Given material section start

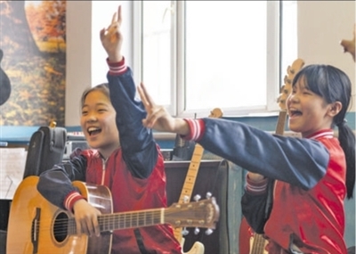 黑龙江省安达市任民镇中心小学有一个“村里的孩儿”音乐班。图为孩子们在进行乐队排练。
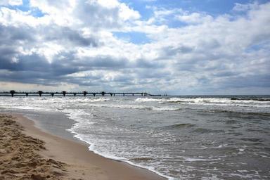 Keywords: the pier międzyzdroje the waves sea clouds spitting water the baltic sea waves the coast sea foam beach holidays summer landscape ocean water
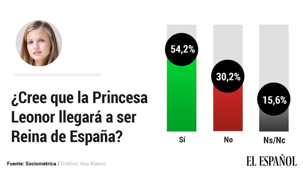 La Corona ha salido reforzada a pesar de las polémicas y la campaña política en su contra, y así lo demuestran los datos de la encuesta de SocioMétrica para EL ESPAÑOL. Según el sondeo, el 54,2% de los consultados cree que la hija mayor de Don Felipe y Doña Letizia llegará a ser Reina de España.

Given material section end

- Work to complete
For this exercise, reproduce the data above exactly from the line containing "Keywords: the pier" through its final line, both ends included, with no pictures in the copy.

- Written solution
 Keywords: the pier międzyzdroje the waves sea clouds spitting water the baltic sea waves the coast sea foam beach holidays summer landscape ocean water
 La Corona ha salido reforzada a pesar de las polémicas y la campaña política en su contra, y así lo demuestran los datos de la encuesta de SocioMétrica para EL ESPAÑOL. Según el sondeo, el 54,2% de los consultados cree que la hija mayor de Don Felipe y Doña Letizia llegará a ser Reina de España.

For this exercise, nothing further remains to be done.